Flipping rectangle bits [duplicate]

This question already has an answer here:
Algorithm for toggling values in a matrix [closed]
(1 answer)
Closed 9 years ago.
Flip the world is a game. In this game a matrix of size N*M is given, which consists of numbers. Each number can be 1 or 0 only. The rows are numbered from 1 to N, and the columns are numbered from 1 to M.
Following steps can be called as a single move.
Select two integers x,y (1<=x<=N and 1<=y<=M) i.e. one square on the matrix.
All the integers in the rectangle denoted by (1,1) and (x,y) i.e. rectangle having top-left and bottom-right points as (1,1) and (x,y) are toggled(1 is made 0 and 0 is made 1).

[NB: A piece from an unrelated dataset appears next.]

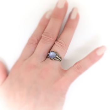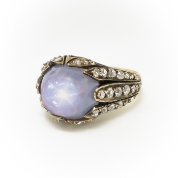 Jewelry Finds Archive Antique Influenced Tulip 8.40ct t.w. Natural Lavender Blue Star Sapphire & Old European Cut Diamond Ring 18k Yellow Gold
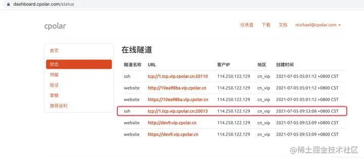 一般情况下,cpolar会建立两个样例数据隧道,一个为Website隧道(端口为http 8080),另一个为SSH隧道(端口为TCP 22),如下图所示:

For example, in this matrix (N=4 and M=3)
101
110
101
000
if we choose x=3 and y=2, the new state of matrix would be
011
000
011
000
For a given state of matrix, aim of the game is to reduce the matrix to a state where all numbers are 1. What is minimum number of moves required.
How to solve this problem?
This is not a homework problem.I'm pretty confused with it.I'm fighting with this problem for past two days.And maintaining a 2-D array for number of ones and zeros.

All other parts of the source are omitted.